Janine Jackson: We are definitely in challenging times, but it’s useful to remember that it isn’t that Americans per se are opposed to gun control, human rights for LGBTQ people, or affordable healthcare. At the same time, it’s painful to remember why it appears that we are. It’s because, as a recent piece by Neal Gabler for BillMoyers.com reminds us, we don’t have a working democracy where every voice is heard: A minority of people have outsized power.
One of the reasons for that is being considered right now in the Supreme Court. Recalled by many of us as an old-timey graphic in middle school textbooks, the term “gerrymander” refers to the drawing of political districts in such a way as to benefit a particular party. The case Gill v. Whitford is focused on Wisconsin, where in 2012 Republicans won just 48.6 percent of the statewide vote, but captured 60 out of 99 seats in the state assembly.
Here to help us see what’s going on and what’s at stake is Steven Rosenfeld. He covers national political issues for AlterNet, and he’s author of a number of books, including the forthcoming Inside Job: How American Elections Are Still Rigged Against Voters. He joins us now by phone from San Francisco. Welcome to CounterSpin, Steven Rosenfeld.
Steven Rosenfeld: Thank you very much. I’m glad to be here.
JJ: Wisconsin is asking the Supreme Court to overturn a decision striking down the 2011 redistricting plan for the lower house of their state assembly. Can you remind us what happened in Wisconsin that led to this being the test case for this issue?
SR: What happened was the Republicans, after they got completely trounced by Obama in 2008, saw a way back from political wilderness, as the cliche goes, and they realized that if they won enough seats in state legislatures in 2010 that they could draw the maps that would last this decade.
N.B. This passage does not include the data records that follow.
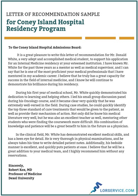 Letter Of Recommendation For Medical Residency Easy Writting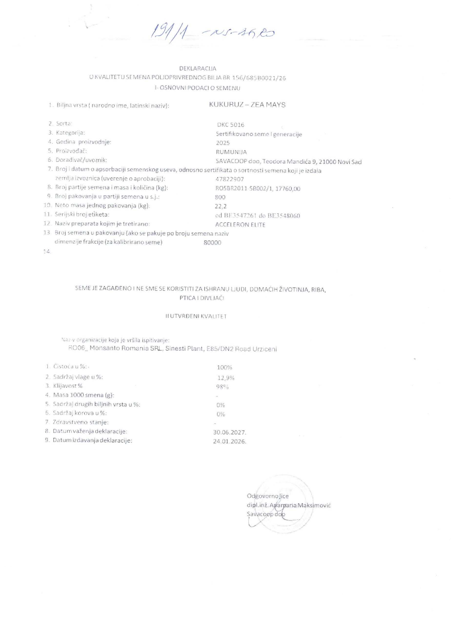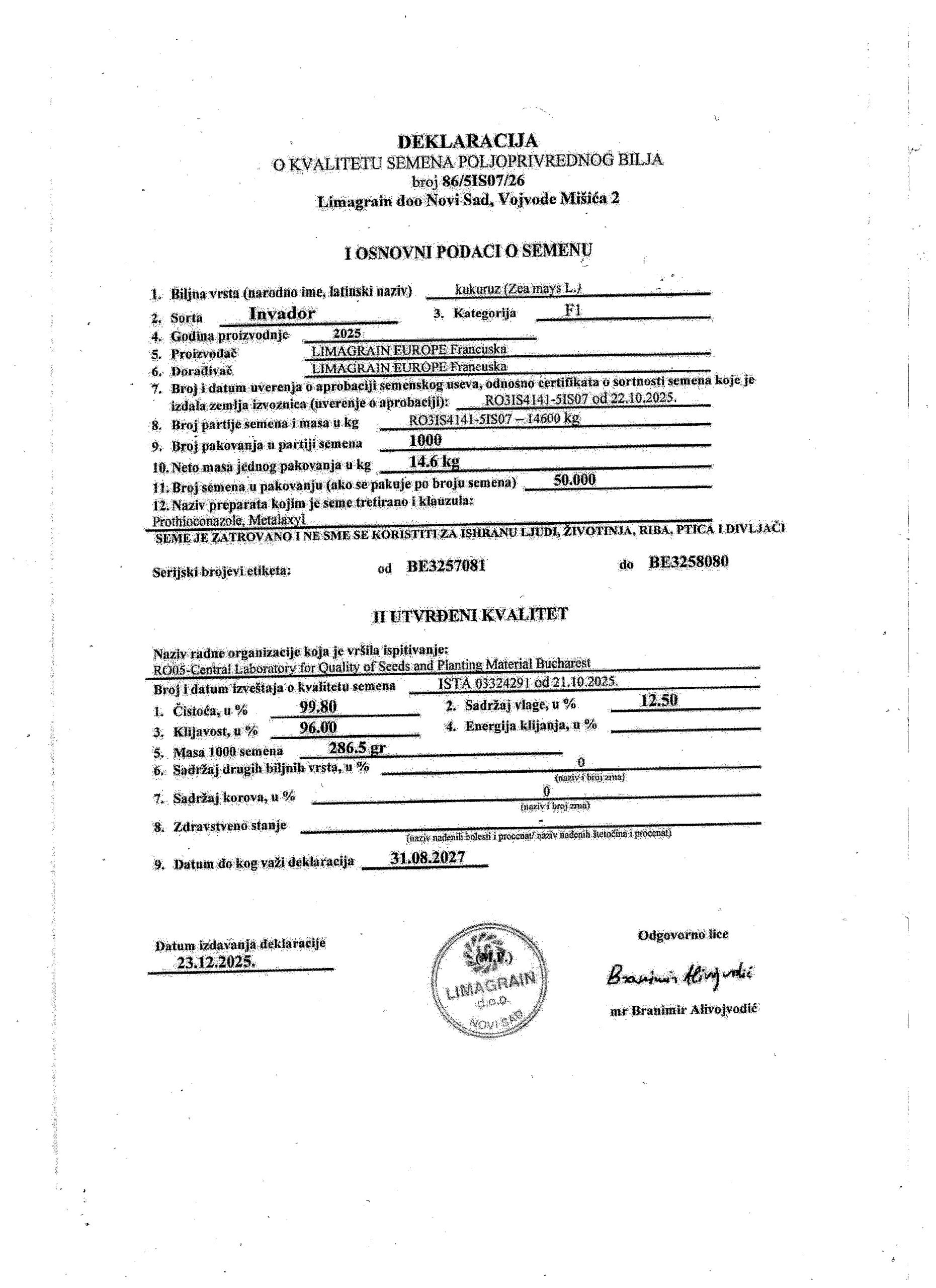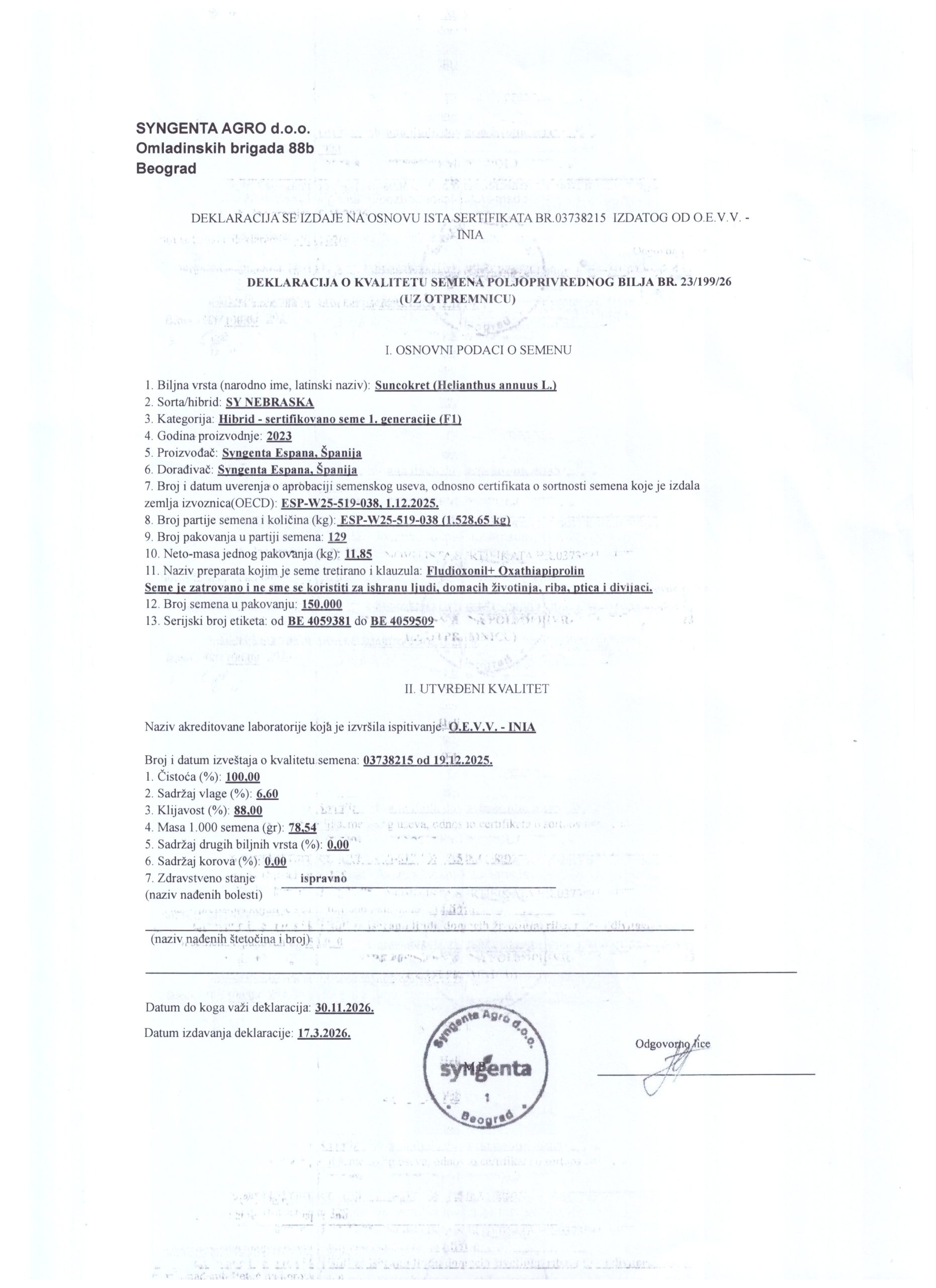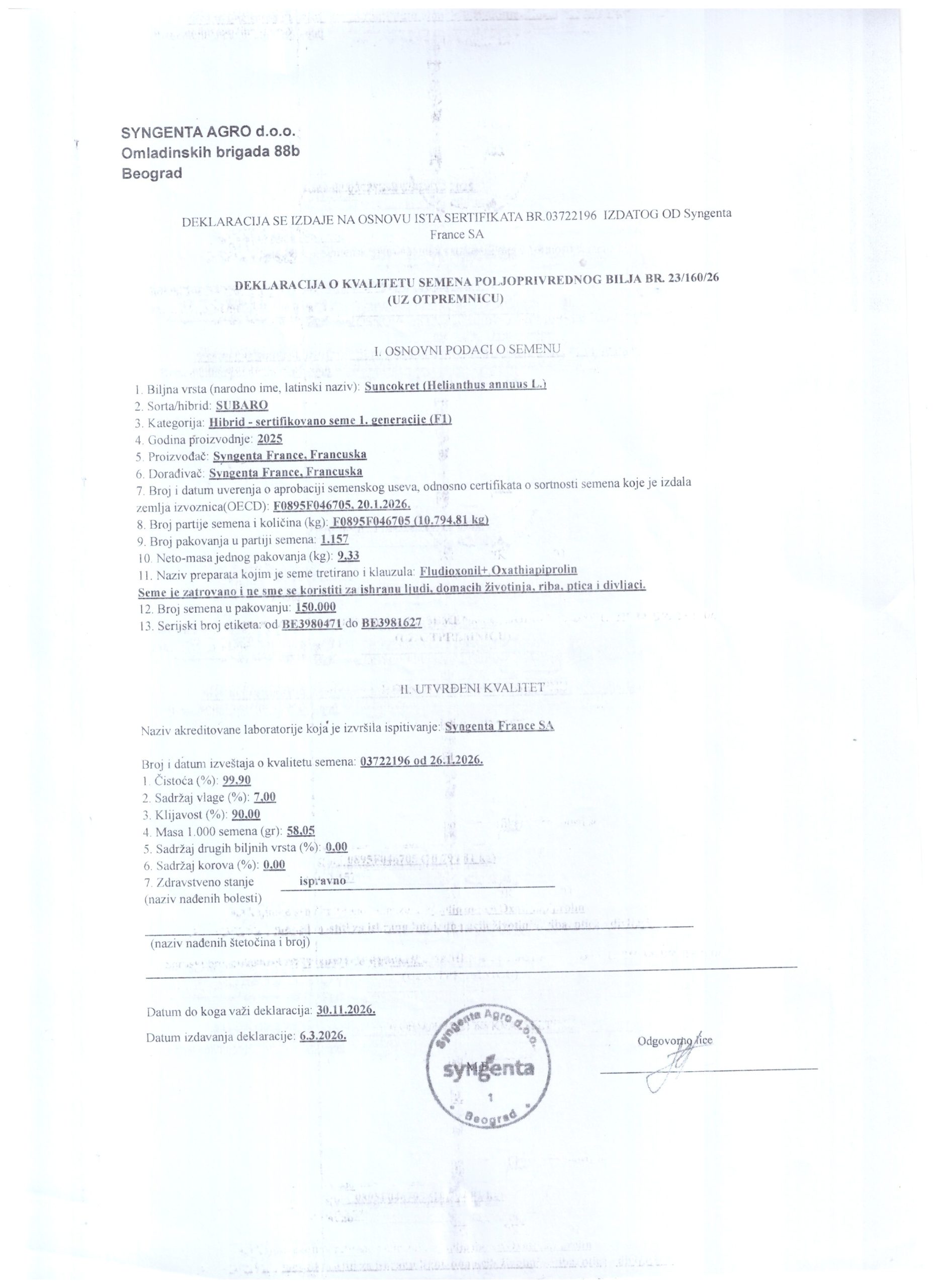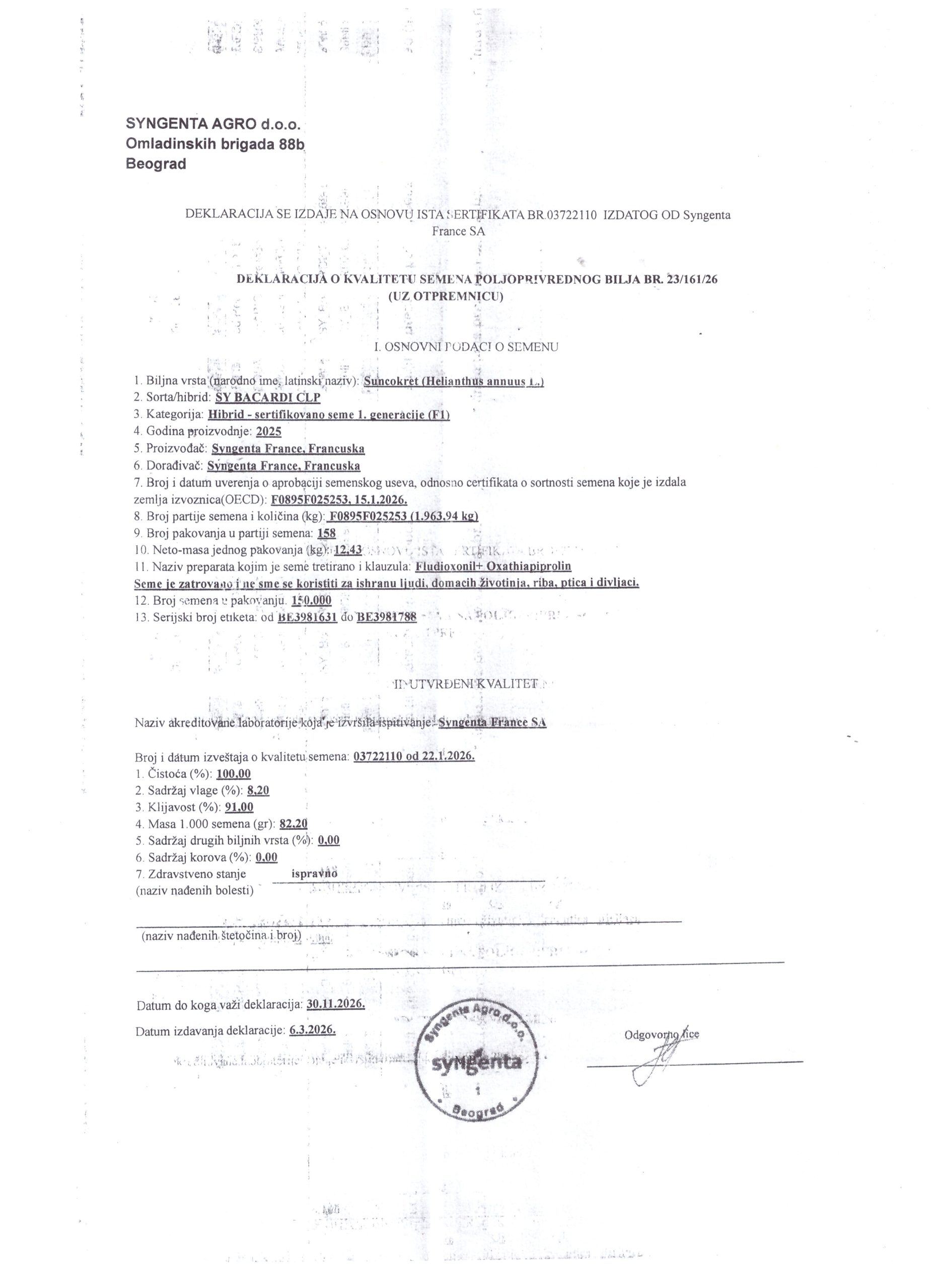 Uvoz i distribucija sredstava za zažštitu bilja kompanije NUFARM GmbH & Co KG, semena kukuruza i semena uljane repice kompanije MONSANTO INTERNATIONAL SARL.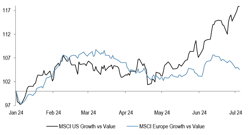 We entered this year again OW Growth vs Value style, same as in 2023, and note that Growth strongly outperformed in the US, and also in Europe.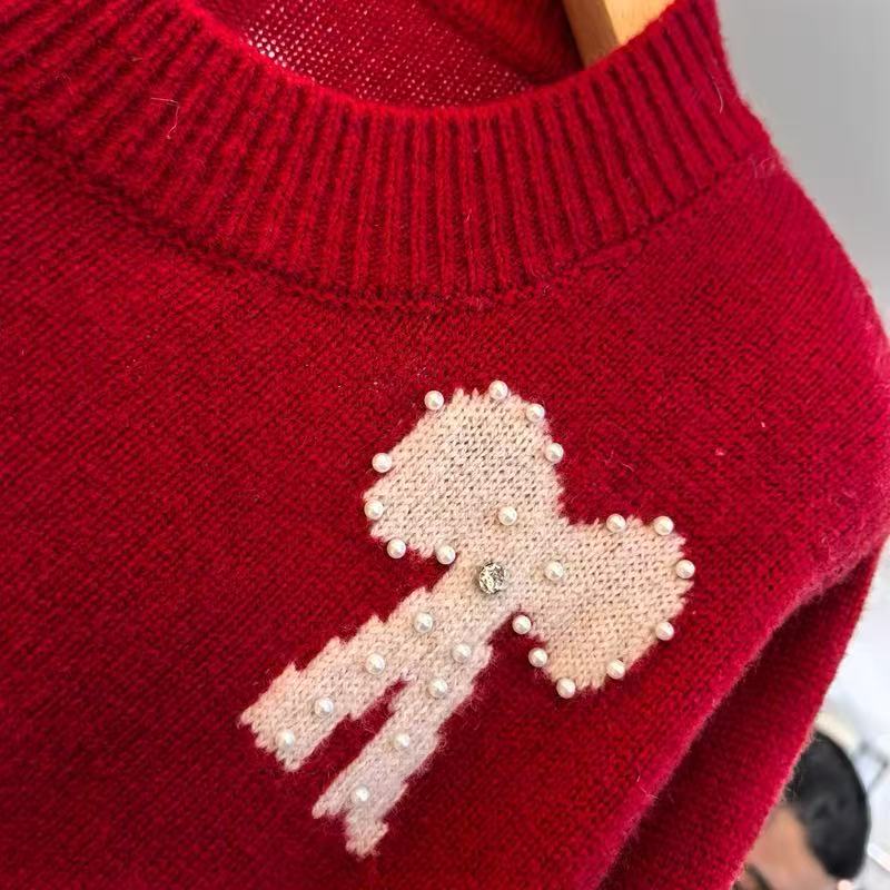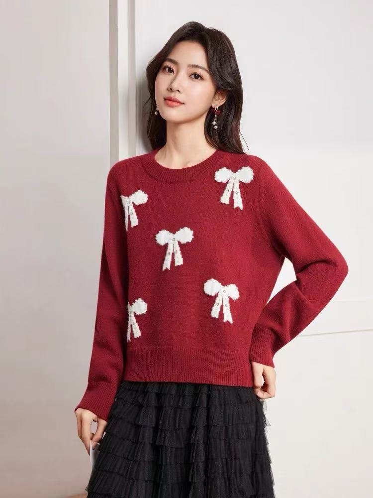 女装25秋冬新品圆领蝴蝶结羊毛针织衫2217-118989

So Karl Rove wrote about this in the Wall Street Journal, the Democrats from Nancy Pelosi to Obama completely ignored it, and then the Republicans went out with some of the nastiest political ads you could ever imagine at the local level, and they just emptied these legislatures out of long-time citizen legislators. They called women prostitutes, they called guys every kind of crook imaginable.
And then they drew the maps, and what they did was they drew maps segregating the reliable voters, their party’s and the Democrats. They looked at who came out and voted for John McCain in 2008, which was a lousy year, and they made sure that in these districts, they would have at least 56 percent, sometimes not too much more than that, reliable Republican majorities. And they put the Democrats, they packed them into other districts where they would typically win with 65, 70, 75 percent of the vote. So that’s how you end up getting these Republican supermajorities. It’s how they control the US House, it’s how they control all these states that you think should be purple, like Wisconsin or Georgia or North Carolina, but instead they’re firmly, firmly red.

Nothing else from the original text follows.